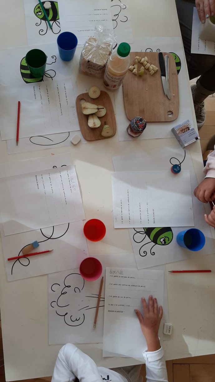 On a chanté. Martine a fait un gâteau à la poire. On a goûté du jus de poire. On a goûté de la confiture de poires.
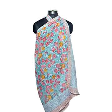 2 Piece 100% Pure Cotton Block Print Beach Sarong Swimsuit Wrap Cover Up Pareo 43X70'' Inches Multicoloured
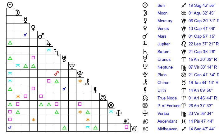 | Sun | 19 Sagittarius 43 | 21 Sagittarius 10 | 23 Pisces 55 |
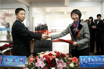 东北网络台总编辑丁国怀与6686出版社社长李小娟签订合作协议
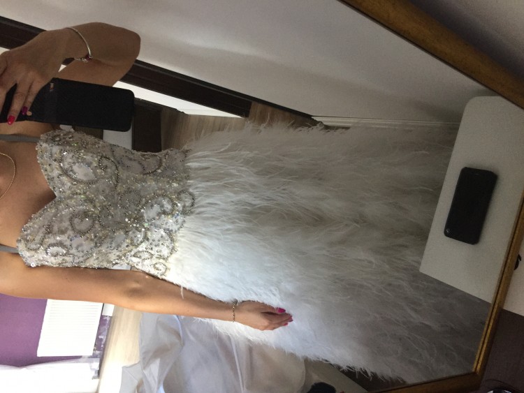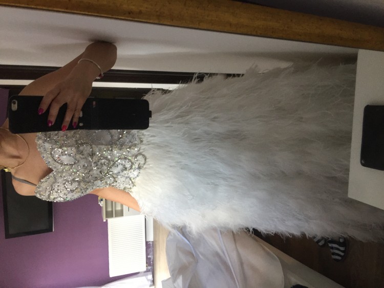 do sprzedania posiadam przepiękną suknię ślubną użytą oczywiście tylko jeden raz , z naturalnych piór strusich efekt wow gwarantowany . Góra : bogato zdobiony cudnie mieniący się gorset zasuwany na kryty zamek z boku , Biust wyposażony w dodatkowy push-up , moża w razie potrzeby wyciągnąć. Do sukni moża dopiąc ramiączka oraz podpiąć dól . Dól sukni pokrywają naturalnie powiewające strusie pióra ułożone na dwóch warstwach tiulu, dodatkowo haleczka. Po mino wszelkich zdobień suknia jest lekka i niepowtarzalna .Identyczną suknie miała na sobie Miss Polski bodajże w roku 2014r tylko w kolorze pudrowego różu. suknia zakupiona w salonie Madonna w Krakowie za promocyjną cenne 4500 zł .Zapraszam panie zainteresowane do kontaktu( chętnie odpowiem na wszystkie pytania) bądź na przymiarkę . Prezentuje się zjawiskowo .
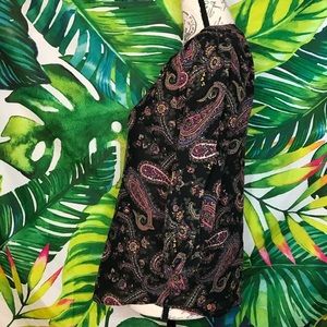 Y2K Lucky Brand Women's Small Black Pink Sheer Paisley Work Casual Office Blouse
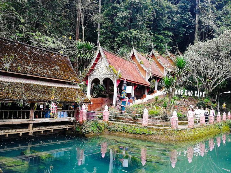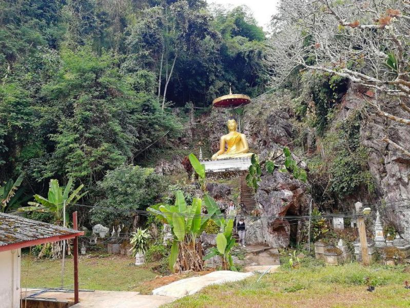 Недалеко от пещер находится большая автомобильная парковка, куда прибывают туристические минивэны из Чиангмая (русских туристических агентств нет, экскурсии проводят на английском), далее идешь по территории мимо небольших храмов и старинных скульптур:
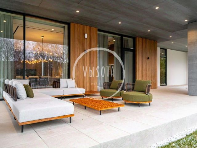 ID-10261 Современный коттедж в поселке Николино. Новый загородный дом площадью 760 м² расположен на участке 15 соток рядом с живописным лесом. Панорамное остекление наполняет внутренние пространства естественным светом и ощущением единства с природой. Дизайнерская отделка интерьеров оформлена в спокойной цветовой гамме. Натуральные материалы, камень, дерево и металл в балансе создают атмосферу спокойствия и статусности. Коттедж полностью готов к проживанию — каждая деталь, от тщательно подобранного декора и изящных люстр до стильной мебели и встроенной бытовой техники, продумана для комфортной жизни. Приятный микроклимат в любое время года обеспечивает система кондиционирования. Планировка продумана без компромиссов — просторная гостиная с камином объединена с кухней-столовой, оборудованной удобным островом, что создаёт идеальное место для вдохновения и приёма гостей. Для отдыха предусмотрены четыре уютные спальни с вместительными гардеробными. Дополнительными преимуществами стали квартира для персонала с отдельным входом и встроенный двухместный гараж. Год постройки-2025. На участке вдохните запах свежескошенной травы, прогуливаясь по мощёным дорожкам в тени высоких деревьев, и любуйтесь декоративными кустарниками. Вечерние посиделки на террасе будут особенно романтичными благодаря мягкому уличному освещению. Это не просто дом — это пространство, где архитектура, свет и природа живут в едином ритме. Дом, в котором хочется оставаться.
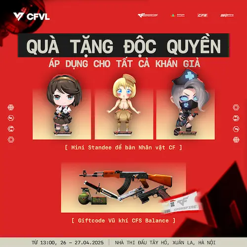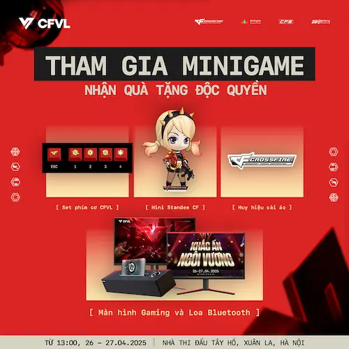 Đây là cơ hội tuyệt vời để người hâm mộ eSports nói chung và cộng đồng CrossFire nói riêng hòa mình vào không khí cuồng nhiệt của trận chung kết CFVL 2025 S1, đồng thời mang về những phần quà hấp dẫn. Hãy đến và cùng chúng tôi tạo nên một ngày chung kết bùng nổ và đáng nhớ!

=-=-=-=-=

● WORK TO COMPLETE:
Repeat exactly the lines above, beginning at the one containing "2 Piece 100%" and ending at the one containing "Y2K Lucky Brand". Do not carry over any pictures.

● REPLY TO THE TASK:
 2 Piece 100% Pure Cotton Block Print Beach Sarong Swimsuit Wrap Cover Up Pareo 43X70'' Inches Multicoloured
 | Sun | 19 Sagittarius 43 | 21 Sagittarius 10 | 23 Pisces 55 |
 东北网络台总编辑丁国怀与6686出版社社长李小娟签订合作协议
 do sprzedania posiadam przepiękną suknię ślubną użytą oczywiście tylko jeden raz , z naturalnych piór strusich efekt wow gwarantowany . Góra : bogato zdobiony cudnie mieniący się gorset zasuwany na kryty zamek z boku , Biust wyposażony w dodatkowy push-up , moża w razie potrzeby wyciągnąć. Do sukni moża dopiąc ramiączka oraz podpiąć dól . Dól sukni pokrywają naturalnie powiewające strusie pióra ułożone na dwóch warstwach tiulu, dodatkowo haleczka. Po mino wszelkich zdobień suknia jest lekka i niepowtarzalna .Identyczną suknie miała na sobie Miss Polski bodajże w roku 2014r tylko w kolorze pudrowego różu. suknia zakupiona w salonie Madonna w Krakowie za promocyjną cenne 4500 zł .Zapraszam panie zainteresowane do kontaktu( chętnie odpowiem na wszystkie pytania) bądź na przymiarkę . Prezentuje się zjawiskowo .
 Y2K Lucky Brand Women's Small Black Pink Sheer Paisley Work Casual Office Blouse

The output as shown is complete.